§ Activity:
From the first line of the data below through the line bearing "Trasforma il gioco", reproduce each line exactly; do not include pictures.

§ Supplied material:
-=-=-

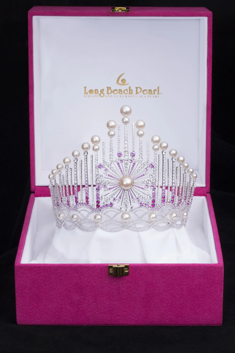 Theo đó, vương miện do Long Beach Pearl thực hiện, làm bằng 30 viên ngọc trai lớn, 3.260 viên đá sapphire cẩn trên khung vàng trắng.
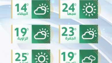 أعلن مركز الأرصاد الجوية، انخفاضا في درجات الحرارة على مناطق الشمال الغربي خاصة المناطق الساحلية. وقال المركز، إن درجات الحرارة…
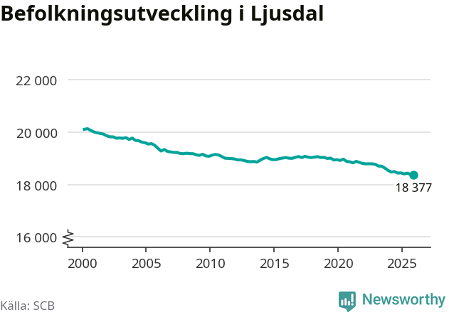 Befolkningen minskade i Ljusdals kommun under det fjärde kvartalet 2025. Den 31 december bodde enligt SCB:s senaste siffror 18 377 personer i kommunen, vilket är sju färre än i slutet av tredje kvartalet.
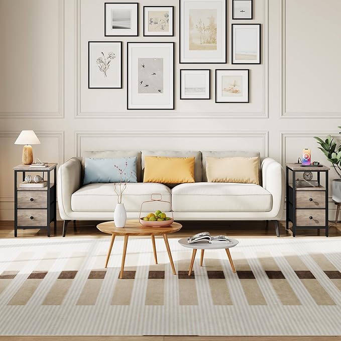 - Hassle-Free Storage: With 2 non-woven drawers and 2 open shelves, this side table measures 11.8"L x 18.9"W x 23.6"H and offers sufficient space for you to store different life supplies and household gadgets tidily, keeping home neat and organized
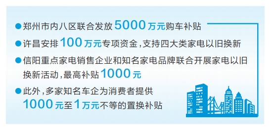 據(jù)了解,鄭州、開封等地及不少企業(yè)均開展了以舊換新促銷補(bǔ)貼活動(dòng)。其中,鄭州市內(nèi)八區(qū)聯(lián)合發(fā)放5000萬(wàn)元購(gòu)車補(bǔ)貼;許昌安排100萬(wàn)元專項(xiàng)資金,支持四大類家電以舊換新;信陽(yáng)重點(diǎn)家電銷售企業(yè)和知名家電品牌聯(lián)合開展家電以舊換新活動(dòng),最高補(bǔ)貼1000元。此外,多家知名車企為消費(fèi)者提供1000元至1萬(wàn)元不等的置換補(bǔ)貼。值得關(guān)注的是,此次以舊換新“綠意”十足。各大家電家居企業(yè)聚焦智能智聯(lián)產(chǎn)品推出優(yōu)惠活動(dòng);開封開展家電專項(xiàng)節(jié)能補(bǔ)貼活動(dòng),單件商品可補(bǔ)貼5%至20%。
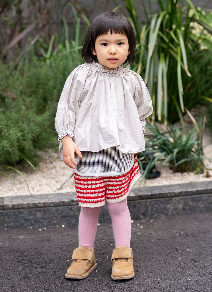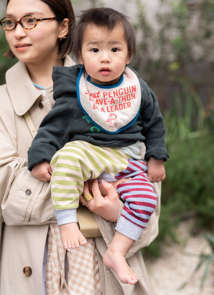 ストリートなフーディーにカラフルなボーダー柄ボトムスを合わせた、クールなベビーコーデが登場! ポップなスタイで遊び心も忘れずに。
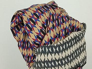 - Wzór: geometryczny, wielobarwny (beż, granat, czerń, czerwone akcenty); na dole kontrastowy pas w ciemniejszej tonacji
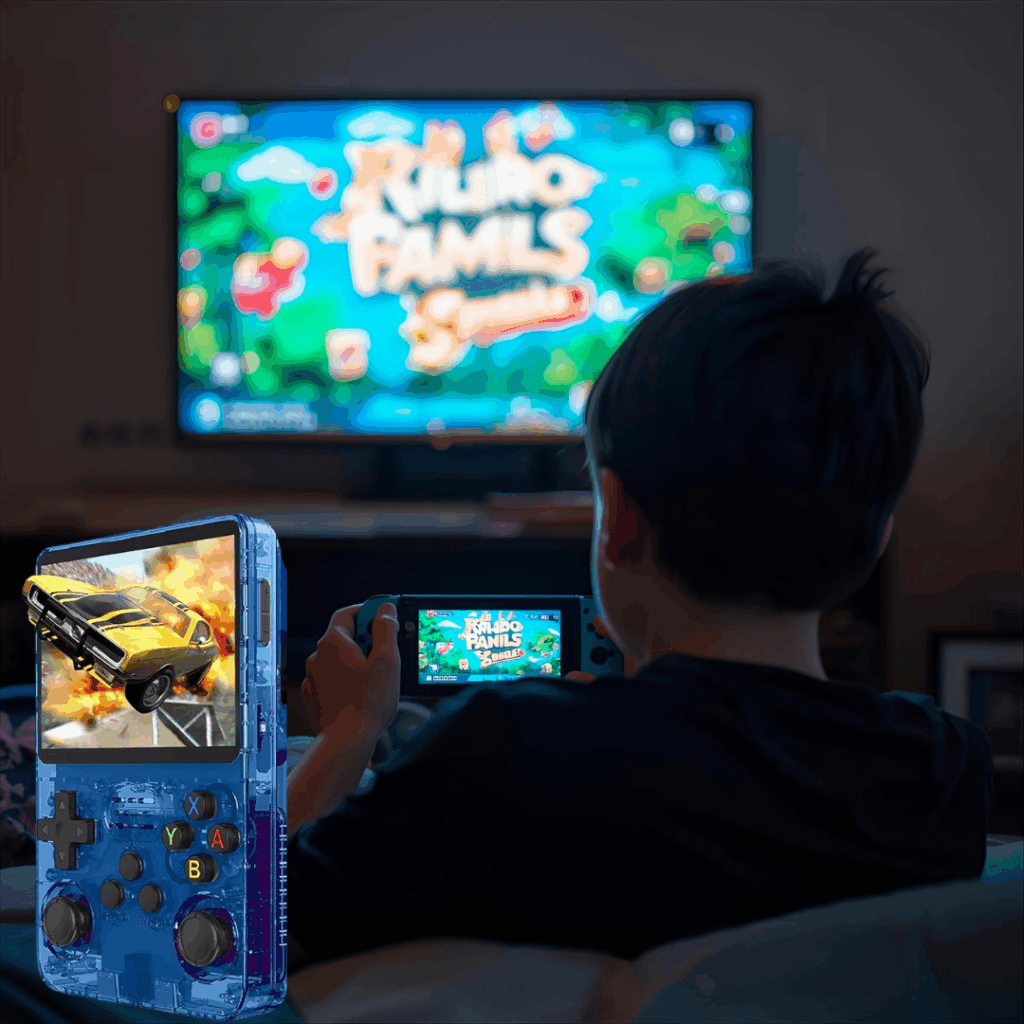 Trasforma il gioco portatile in un’esperienza domestica condivisa. La console supporta la connessione via cavo AV alla TV, permettendo di trasformare lo schermo da piccolo a grande in un istante per una visione e un divertimento più coinvolgenti e condivisi con amici e famiglia.
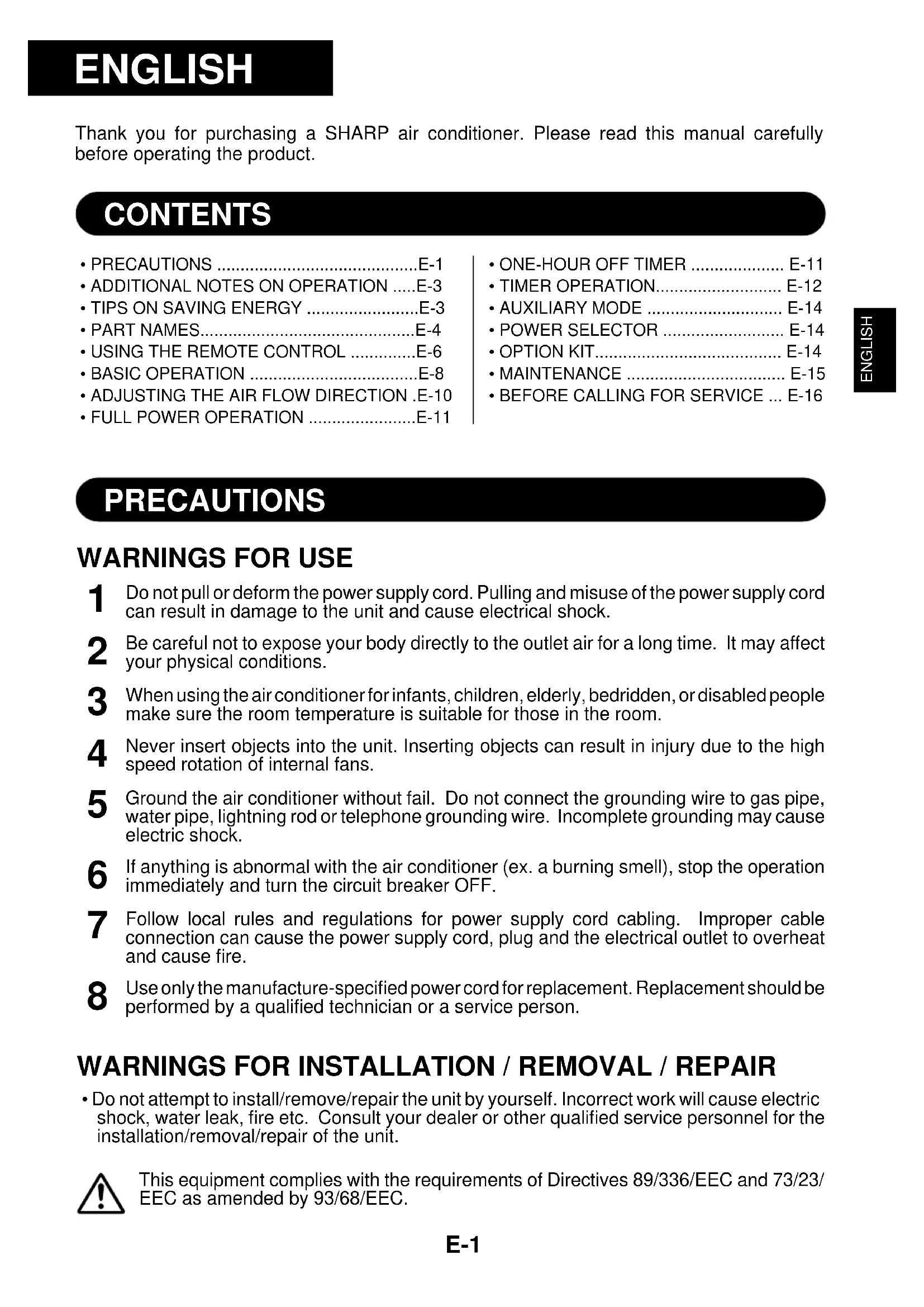 - Do not attempt to install/remove/repair the unit by yourself. Incorrect work will cause electricshock, water leak, fire etc. Consult your dealer or other qualified service personnel for theinstallation/removal/repair of the unit.This equipment complies with the requirements of Directives 89/336/EEC and 73/23/EEC as amended by 93/68/EEC.PRECAUTIONS

-=-=-

§ Solved exercise:
 Theo đó, vương miện do Long Beach Pearl thực hiện, làm bằng 30 viên ngọc trai lớn, 3.260 viên đá sapphire cẩn trên khung vàng trắng.
 أعلن مركز الأرصاد الجوية، انخفاضا في درجات الحرارة على مناطق الشمال الغربي خاصة المناطق الساحلية. وقال المركز، إن درجات الحرارة…
 Befolkningen minskade i Ljusdals kommun under det fjärde kvartalet 2025. Den 31 december bodde enligt SCB:s senaste siffror 18 377 personer i kommunen, vilket är sju färre än i slutet av tredje kvartalet.
 - Hassle-Free Storage: With 2 non-woven drawers and 2 open shelves, this side table measures 11.8"L x 18.9"W x 23.6"H and offers sufficient space for you to store different life supplies and household gadgets tidily, keeping home neat and organized
 據(jù)了解,鄭州、開封等地及不少企業(yè)均開展了以舊換新促銷補(bǔ)貼活動(dòng)。其中,鄭州市內(nèi)八區(qū)聯(lián)合發(fā)放5000萬(wàn)元購(gòu)車補(bǔ)貼;許昌安排100萬(wàn)元專項(xiàng)資金,支持四大類家電以舊換新;信陽(yáng)重點(diǎn)家電銷售企業(yè)和知名家電品牌聯(lián)合開展家電以舊換新活動(dòng),最高補(bǔ)貼1000元。此外,多家知名車企為消費(fèi)者提供1000元至1萬(wàn)元不等的置換補(bǔ)貼。值得關(guān)注的是,此次以舊換新“綠意”十足。各大家電家居企業(yè)聚焦智能智聯(lián)產(chǎn)品推出優(yōu)惠活動(dòng);開封開展家電專項(xiàng)節(jié)能補(bǔ)貼活動(dòng),單件商品可補(bǔ)貼5%至20%。
 ストリートなフーディーにカラフルなボーダー柄ボトムスを合わせた、クールなベビーコーデが登場! ポップなスタイで遊び心も忘れずに。
 - Wzór: geometryczny, wielobarwny (beż, granat, czerń, czerwone akcenty); na dole kontrastowy pas w ciemniejszej tonacji
 Trasforma il gioco portatile in un’esperienza domestica condivisa. La console supporta la connessione via cavo AV alla TV, permettendo di trasformare lo schermo da piccolo a grande in un istante per una visione e un divertimento più coinvolgenti e condivisi con amici e famiglia.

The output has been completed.